Credit: The Hacker News
Docker Hub, one of the largest cloud-based library of Docker container images, has suffered a data breach after an unknown attacker gained access to the company’s single Hub database.
Docker Hub is an online repository service where users and partners can create, test, store and distribute Docker container images, both publicly and privately.
The breach reportedly exposed sensitive information for nearly 190,000 Hub users (that’s less than 5 percent of total users), including usernames and hashed passwords for a small percentage of the affected users, as well as Github and Bitbucket tokens for Docker repositories.
Docker Hub started notifying affected users via emails informing them about the security incident and asking them to change their passwords for Docker Hub, as well as any online account using the same password.
“On Thursday, April 25th, 2019, we discovered unauthorized access to a single Hub database storing a subset of non-financial user data.
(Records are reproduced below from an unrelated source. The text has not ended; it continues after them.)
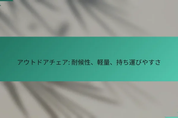アウトドアチェアは、耐候性、軽量性、持ち運びやすさが重要な要素です。雨や紫外線に強い素材で作られたこれらのチェアは、キャンプやピクニックに最適で、さまざまな環境で快適に使用できます。軽量でコンパクトなデザインは、移動を楽にし、アウトドア活動をより楽しむことができます。 アウトドアチェアの耐候性とは何か? アウトドアチェアの耐候性とは、様々な気象条件に耐える能力を指します。雨や紫外線、風などの影響を受けにくい素材や設計が求められます。 耐候性の定義と重要性 耐候性は、製品が外部環境にどれだけ耐えられるかを示す指標です。特にアウトドアチェアでは、長時間の使用や保管中に劣化しないことが重要です。 耐候性が高いチェアは、使用寿命が延びるだけでなく、快適な使用体験を提供します。悪天候でも安心して使用できるため、キャンプやバーベキューなどのアウトドア活動に適しています。 使用される素材とその特性 耐候性の高いアウトドアチェアには、主にアルミニウム、プラスチック、合成繊維などの素材が使用されます。これらの素材は、軽量でありながら強度があり、腐食や紫外線に強い特性を持っています。 例えば、アルミニウム製のフレームは軽量で持ち運びやすく、プラスチック製の座面は水や汚れに強いです。合成繊維は通気性があり、快適さを保ちながらも耐久性があります。 耐候性の評価基準 アウトドアチェアの耐候性は、主に防水性、UV耐性、耐風性などの基準で評価されます。防水性は、雨の中でも水が浸透しないことを示し、UV耐性は日光による劣化を防ぎます。 これらの基準は、製品の仕様書やラベルに記載されていることが多く、購入時に確認することが重要です。特に、UV耐性は長時間の使用において特に重要です。 耐候性が必要なシチュエーション 耐候性が求められるシチュエーションには、キャンプ、ビーチ、バーベキュー、ピクニックなどがあります。これらの活動では、天候が変わりやすく、耐候性が高いチェアが必要です。 特に、雨が降る可能性がある場合や直射日光の下での使用では、耐候性の高いチェアを選ぶことで、快適さと安全性を確保できます。 耐候性のメンテナンス方法 耐候性を維持するためには、定期的なメンテナンスが必要です。使用後は、汚れを軽く拭き取ることで、素材の劣化を防ぎます。 また、長期間使用しない場合は、直射日光を避けて保管することが推奨されます。カバーを使用することで、さらに劣化を防ぐことができます。 軽量なアウトドアチェアの利点は何か? 軽量なアウトドアチェアは、持ち運びが簡単で、キャンプやピクニックに最適です。これらのチェアは、耐候性があり、さまざまな環境で使用できるため、アウトドア活動において非常に便利です。 軽量素材の種類と特徴 軽量なアウトドアチェアには、アルミニウム、カーボンファイバー、ナイロンなどの素材が使用されます。アルミニウムは耐久性があり、腐食に強い特性がありますが、カーボンファイバーはさらに軽量で、強度も高いです。 ナイロンは、軽量でありながら、耐水性や耐久性も兼ね備えています。これらの素材は、持ち運びの際の負担を軽減し、快適な使用体験を提供します。 持ち運びやすさの評価基準 持ち運びやすさを評価する際は、重量、折りたたみのしやすさ、収納サイズが重要です。一般的に、1kg未満のチェアは非常に軽量とされ、持ち運びが容易です。 また、折りたたみ式のデザインは、収納時のスペースを節約し、バックパックや車のトランクに簡単に収まります。これにより、アウトドア活動の際に便利さが増します。 軽量性がもたらす利便性 軽量なアウトドアチェアは、移動が頻繁なアクティビティに最適です。例えば、ハイキングやフェスティバルでは、軽量なチェアがあれば、疲れにくく、快適に過ごせます。 さらに、軽量なデザインは、設置や撤収も簡単に行えるため、時間を節約できます。これにより、より多くの時間を楽しむことができます。 軽量チェアのデメリット 軽量なアウトドアチェアは、耐荷重が限られている場合があります。特に、非常に軽量なモデルは、重い人や長時間の使用には向かないことがあります。 また、軽量素材は、耐久性が劣ることがあるため、過酷な環境での使用には注意が必要です。選ぶ際には、使用目的に応じた強度や耐久性を確認することが重要です。 持ち運びやすいアウトドアチェアの選び方は? 持ち運びやすいアウトドアチェアを選ぶ際は、軽量性、コンパクトさ、耐候性を重視することが重要です。これらの要素が揃っていると、移動が楽になり、さまざまな環境で快適に使用できます。 持ち運びやすさの重要な要素 持ち運びやすさを考えると、まずは重量が大きな要素です。一般的に、1kg未満のチェアが理想的で、長時間の移動でも負担になりません。 次に、折りたたみ機能や収納サイズも重要です。折りたたみ式のチェアは、カバンや
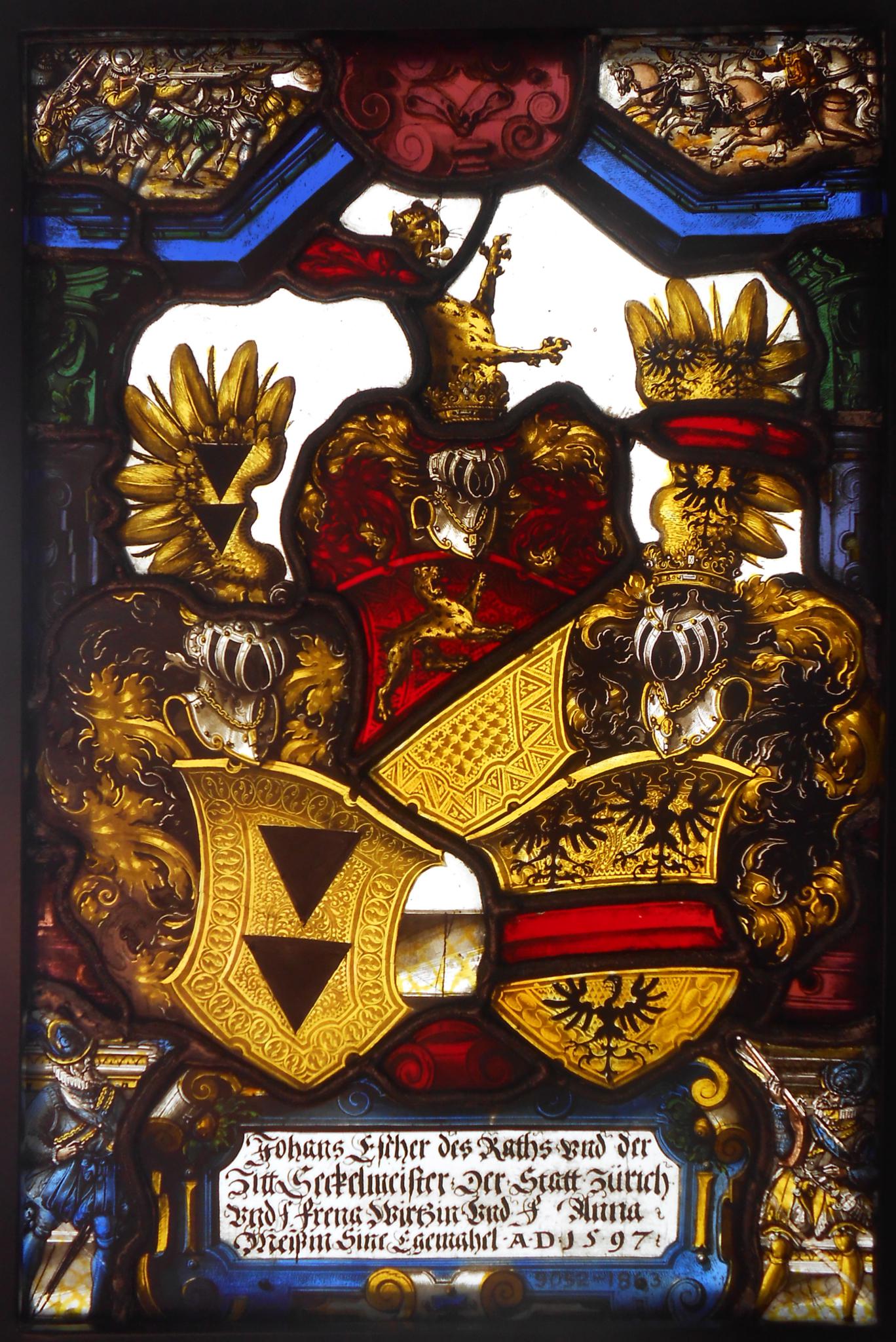 Le vitrail représente les armes d’importantes familles bourgeoises de Zurich. Originaire de Kaiserstuhl où elle est mentionnée pour la première fois en 1190, la famille Escher se subdivise en deux branches : les Escher vom Glas (du Verre) et les Escher vom Luchs (du Lynx).
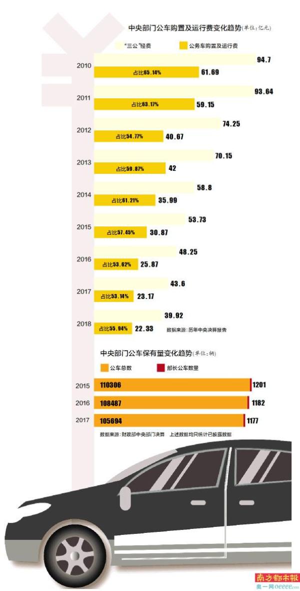 公车数量也持续下降。南都记者对近年来中央部门的公车保有量统计发现,仅2015年至2017年,中央部门的公车数量至少削减了4612辆。
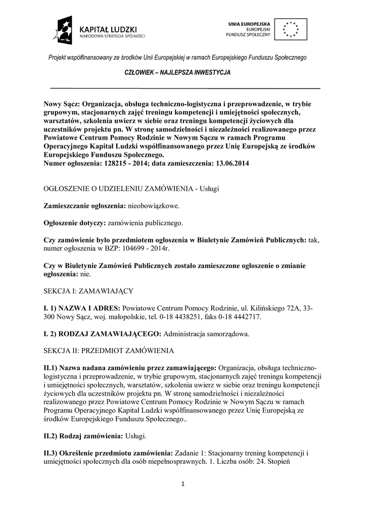 Projekt współfinansowany ze środków Unii Europejskiej w ramach Europejskiego Funduszu Społecznego CZŁOWIEK – NAJLEPSZA INWESTYCJA Nowy Sącz: Organizacja, obsługa techniczno-logistyczna i przeprowadzenie, w trybie grupowym, stacjonarnych zajęć treningu kompetencji i umiejętności społecznych, warsztatów, szkolenia uwierz w siebie oraz treningu kompetencji życiowych dla uczestników projektu pn. W stronę samodzielności i niezależności realizowanego przez Powiatowe Centrum Pomocy Rodzinie w Nowym Sączu w ramach Programu Operacyjnego Kapitał Ludzki współfinansowanego przez Unię Europejską ze środków Europejskiego Funduszu Społecznego. Numer ogłoszenia: 128215 - 2014; data zamieszczenia: 13.06.2014 OGŁOSZENIE O UDZIELENIU ZAMÓWIENIA - Usługi Zamieszczanie ogłoszenia: nieobowiązkowe. Ogłoszenie dotyczy: zamówienia publicznego. Czy zamówienie było przedmiotem ogłoszenia w Biuletynie Zamówień Publicznych: tak, numer ogłoszenia w BZP: 104699 - 2014r. Czy w Biuletynie Zamówień Publicznych zostało zamieszczone ogłoszenie o zmianie ogłoszenia: nie. SEKCJA I: ZAMAWIAJĄCY I. 1) NAZWA I ADRES: Powiatowe Centrum Pomocy Rodzinie, ul. Kilińskiego 72A, 33300 Nowy Sącz, woj. małopolskie, tel. 0-18 4438251, faks 0-18 4442717. I. 2) RODZAJ ZAMAWIAJĄCEGO: Administracja samorządowa. SEKCJA II: PRZEDMIOT ZAMÓWIENIA II.1) Nazwa nadana zamówieniu przez zamawiającego: Organizacja, obsługa technicznologistyczna i przeprowadzenie, w trybie grupowym, stacjonarnych zajęć treningu kompetencji i umiejętności społecznych, warsztatów, szkolenia uwierz w siebie oraz treningu kompetencji życiowych dla uczestników projektu pn. W stronę samodzielności i niezależności realizowanego przez Powiatowe Centrum Pomocy Rodzinie w Nowym Sączu w ramach Programu Operacyjnego Kapitał Ludzki współfinansowanego przez Unię Europejską ze środków Europejskiego Funduszu Społecznego.. II.2) Rodzaj zamówienia: Usługi. II.3) Określenie przedmiotu zamówienia: Zadanie 1: Stacjonarny trening kompetencji i umiejętności społecznych dla osób niepełnosprawnych. 1. Liczba osób: 24. Stopień 1 Projekt współfinansowany ze środków Unii Europejskiej w ramach Europejskiego Funduszu Społecznego CZŁOWIEK – NAJLEPSZA INWESTYCJA niepełnosprawności: od lekkiego do znacznego; różne rodzaje niepełnosprawności, umożliwiające samodzielny udział w zajęciach. 2. Program zajęć ma obejmować: 24 godzin lekcyjnych (1godzina = 45 min.). 3. Szkolenie obejmuje dwie grupy szkoleniowe: Grupa I: 13 osób, Grupa II: 11 osób, z tym zastrzeżeniem że grupy mogą być większe lub mniejsze, nie więcej niż o 2 osoby. 4. Propozycja harmonogramu zajęć: Grupa I: Dni robocze (od poniedziałku do piątku) 9.00-10.30 (2h) Przerwa kawowa 15 min. 10.45-12.15 (2h) Przerwa obiadowa 30 min. 12.45-14.15 (2h) Grupa II: Dni robocze (od poniedziałku do piątku) 15.3017.00 (2h) Przerwa kawowa 15 min. 17.15-18.45 (2h) Sobota-Niedziela 9.00-10.30 (2h) Przerwa kawowa 10.45-12.15 (2h) 5. Miejsce realizacji: Nowy Sącz- wejście do budynku powinno być dostosowane do potrzeb osób niepełnosprawnych (wjazd dla wózków, winda); sala szkoleniowa powinna być dostosowana do potrzeb osób niepełnosprawnych, do wielkości grup - wyposażona w krzesła i stoliki z możliwością dowolnej aranżacji ich ustawienia, przystosowana do prowadzenia zajęć dydaktycznych; sala powinna być wyposażona w projektor multimedialny, ekran, flipchart (ewentualnie tablica sucho ścierna); sala szkoleniowa musi posiadać okna z dostatecznym naświetleniem naturalnym, posiadać oświetlenie sztuczne, spełniać wymogi bezpieczeństwa i higieny pracy oraz akustyczne, być ogrzewana, posiadać zaplecze sanitarne (toalety dostosowane do potrzeb osób niepełnosprawnych); sala powinna być wentylowana (z dostępem do świeżego powietrza), sala powinna zapewniać możliwość organizacji przerw obiadowo - kawowych. 6. Termin realizacji: do 20 października 2014 r. 7. Zakres zadania: Poszerzony zakres realizacji usługi w SIWZ (z uwagi na ograniczoną ilość znaków w BZP) Zadanie 2: Stacjonarne warsztaty , szkolenie uwierz w siebie dla osób niepełnosprawnych. 1. Liczba osób: 2. Stopień niepełnosprawności: stopień niepełnosprawności od lekkiego do umiarkowanego, umożliwiające samodzielny udział w zajęciach. 2. Program zajęć ma obejmować: 18 godzin lekcyjnych (1godzina = 45 min.). 3. Liczba grup: 1. 4. Propozycja harmonogramu zajęć: Dni robocze (od poniedziałku do piątku) 9.00-10.30 (2h) Przerwa kawowa 15 min. 10.45-12.15 (2h) Przerwa obiadowa 30 min. 12.45-14.15 (2h) 5. Miejsce realizacji: Nowy Sącz - wejście do budynku powinno być dostosowane do potrzeb osób niepełnosprawnych (wjazd dla wózków, winda); sala szkoleniowa powinna być dostosowana do potrzeb osób niepełnosprawnych, do wielkości grup - wyposażona w krzesła i stoliki z możliwością dowolnej aranżacji ich ustawienia, przystosowana do prowadzenia zajęć dydaktycznych; sala powinna być wyposażona w projektor multimedialny, ekran, flipchart (ewentualnie tablica sucho ścierna); sala szkoleniowa musi posiadać okna z dostatecznym naświetleniem naturalnym, posiadać oświetlenie sztuczne, spełniać wymogi bezpieczeństwa i higieny pracy oraz akustyczne, być ogrzewana, posiadać zaplecze sanitarne (toalety dostosowane do potrzeb osób niepełnosprawnych); sala powinna być wentylowana (z dostępem do świeżego powietrza), sala powinna zapewniać możliwość organizacji przerw obiadowo - kawowych. 6. Termin realizacji: do 20 października 2014 r. 7. Zakres zadania: Poszerzony zakres realizacji usługi w SIWZ (z uwagi na ograniczoną ilość znaków w BZP) Zadanie 3: Stacjonarny trening kompetencji życiowych dla osób niepełnosprawnych. 1. Liczba osób: 17. 2. Stopień niepełnosprawności: od lekkiego do znacznego; różne rodzaje niepełnosprawności umożliwiające udział w zajęciach, w tym, 1 osoba - na wózku i
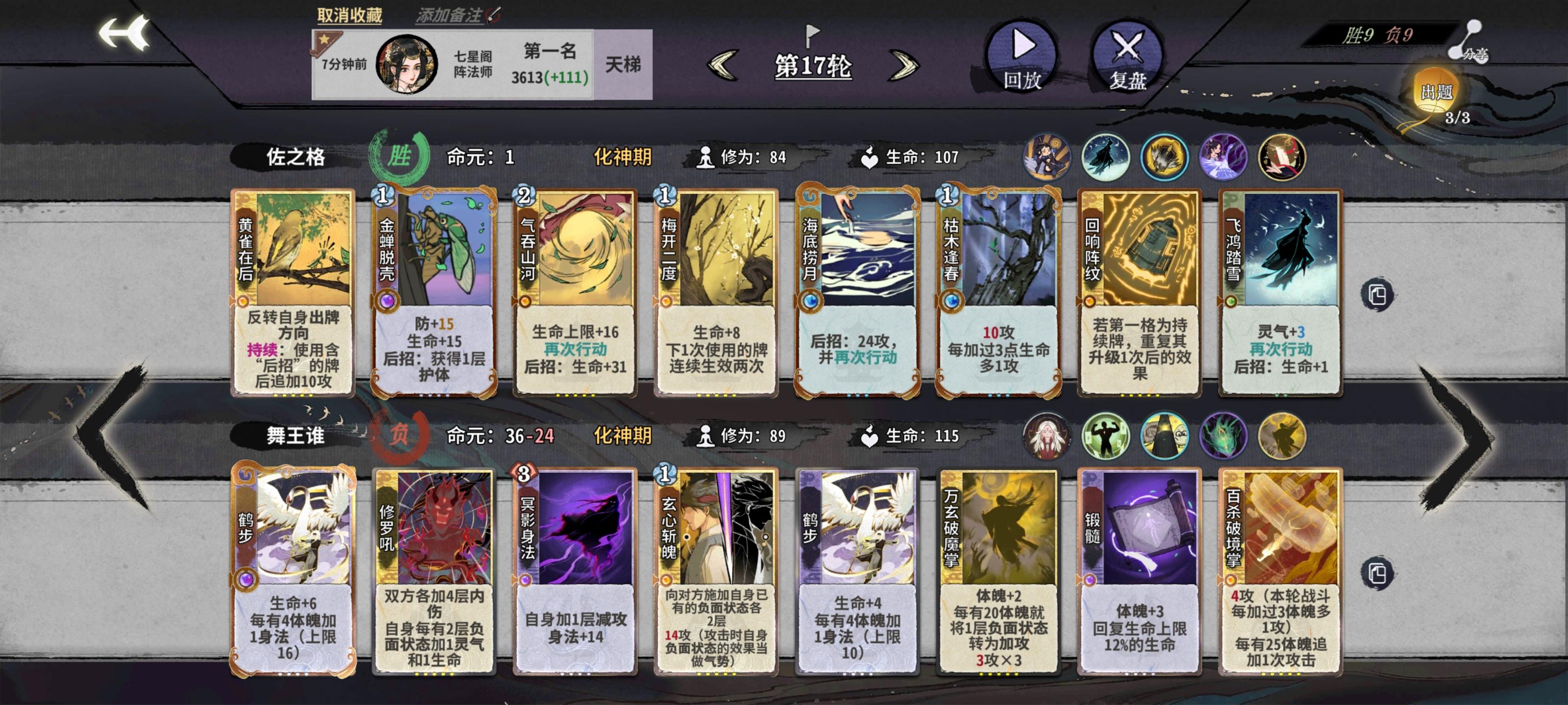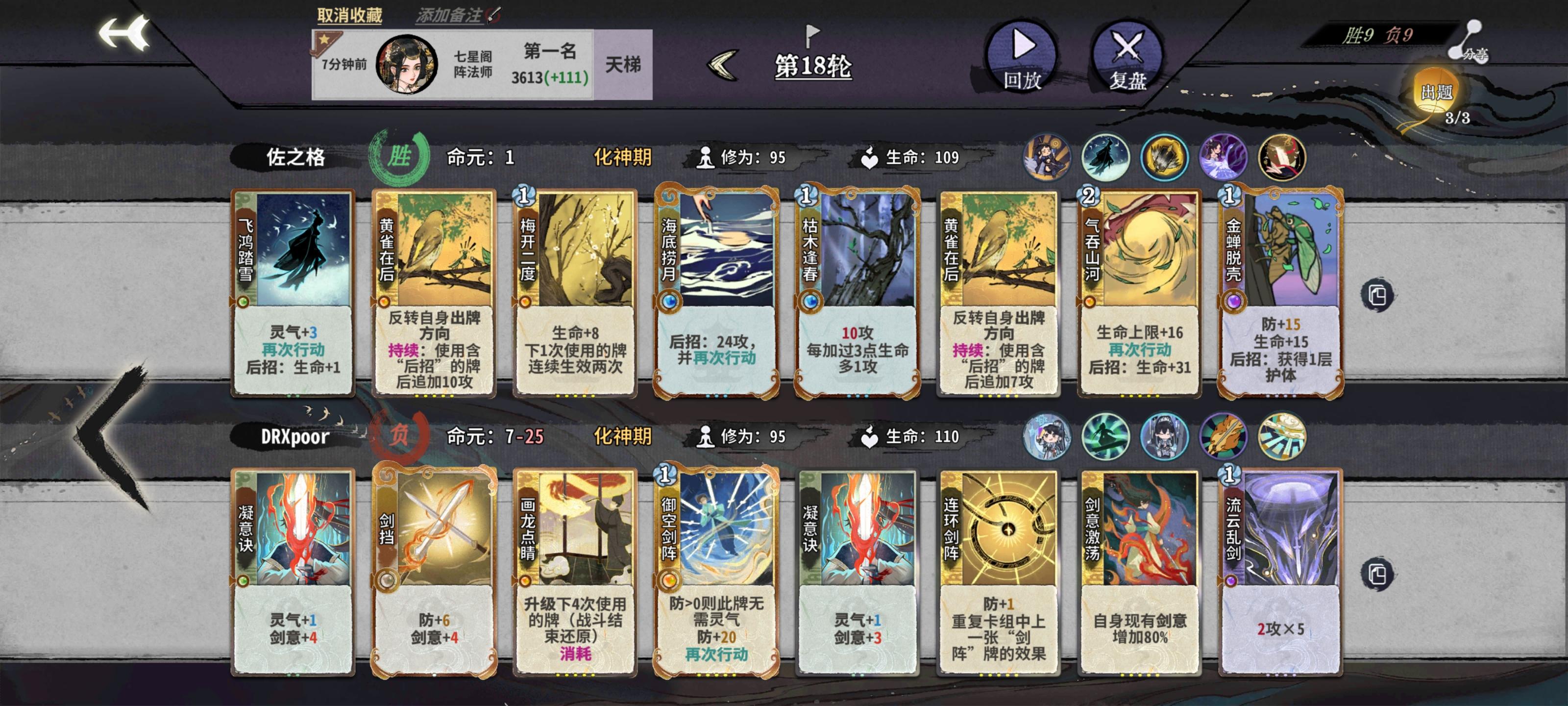 炎雪为人诟病的点,缺D,仙命无法立刻提升战力,导致过度艰难。在追求稳定过度而言,画师大概是最好的选择,因为画的卡组对牌库的污染最少,主打就是多D,加强门派卡,手黑人士的救星[练气期]1~7轮:练气期,建议待到第6-7轮才上金丹1.主要是刷剑意卡组,因为这是化神期前的主要卡组2.建议把练笔刷6张或以上,早刷早享受,一步先,步步先,以免速7速8出局了,发现没有用完练笔3.最后注意科学换牌,因
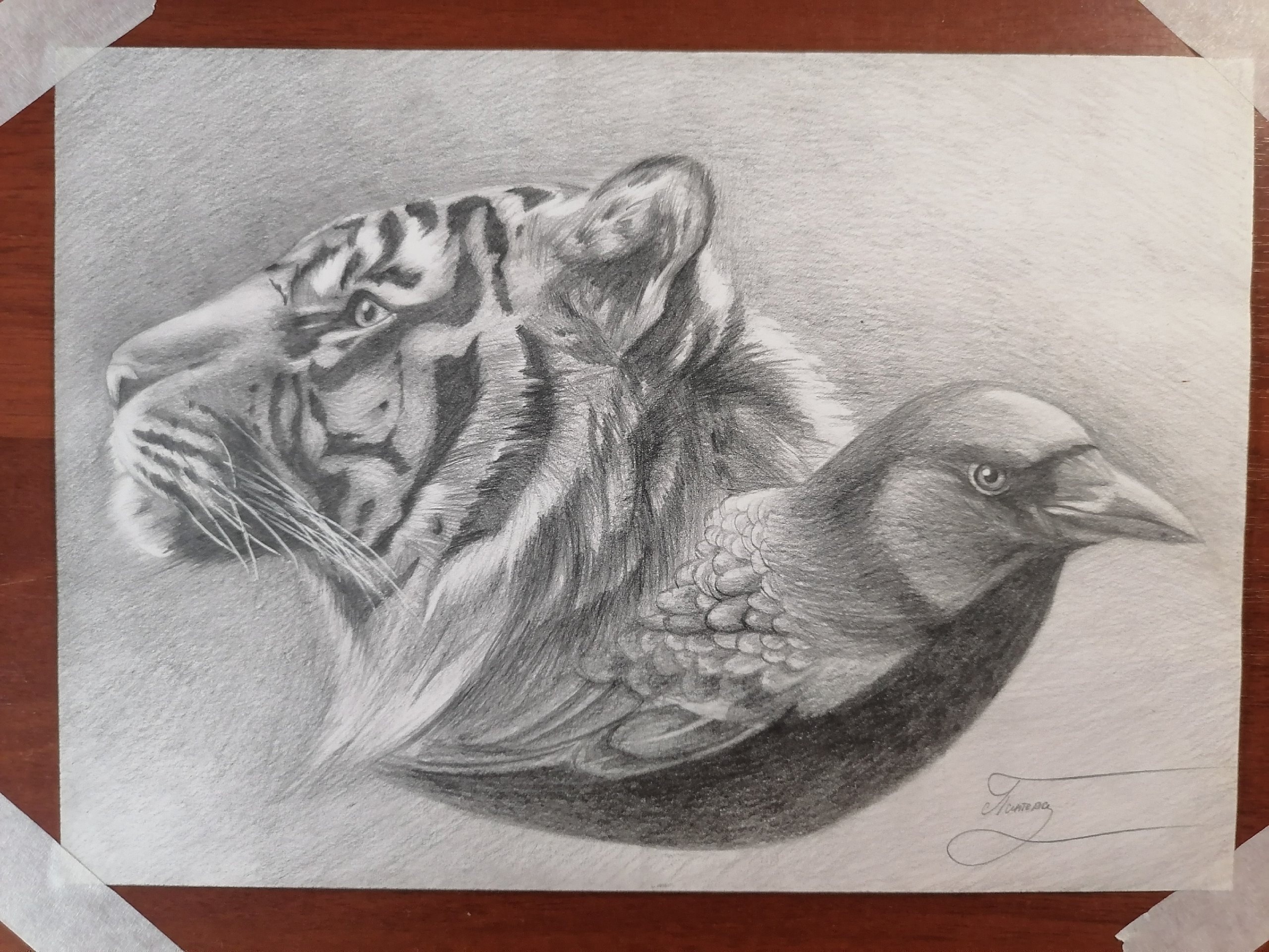 Подарок мужу на готовщину знакомства). Когда смотрю на него и анализирую в голове всегда эти двое: Тигр и Ворон.
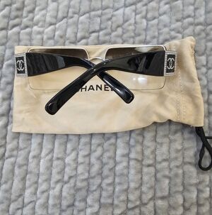 Stylish Chanel sunglasses with silver lenses. Perfect for a chic look.
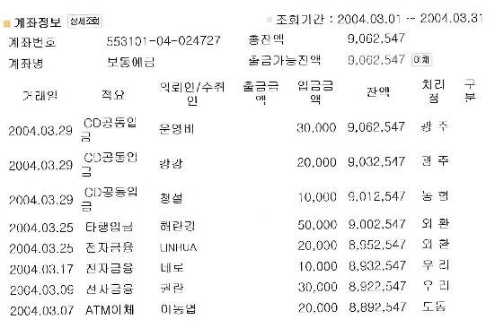 중국지역 통장입니다.
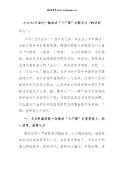 【七哥公文】2024年:在2024年高校一体推进“三不腐”专题会议上的讲话+更多免费公文+VX:QiGeGongWen2024
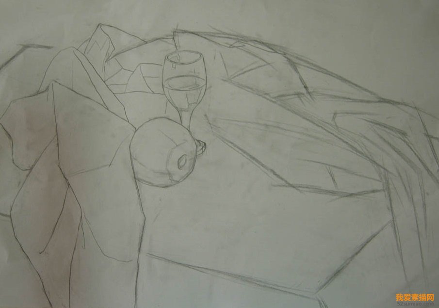 2、畫物體背光面和深色部分明暗。畫出靠近主體物的部分的背光面,襯布其它背光部分的明暗

Upon discovery, we acted quickly to intervene and secure the site.”
“For users with autobuilds that may have been impacted, we have revoked GitHub tokens and access keys, and ask that you reconnect to your repositories and check security logs to see if any unexpected actions have taken place.”
The company has not revealed any further details about the security incident or how the unknown attackers gained access to its database.
Docker says the company is continuing to investigate the security breach and will share more information as it becomes available.
The company is also working to enhance its overall security processes and reviewing its policies following the breach.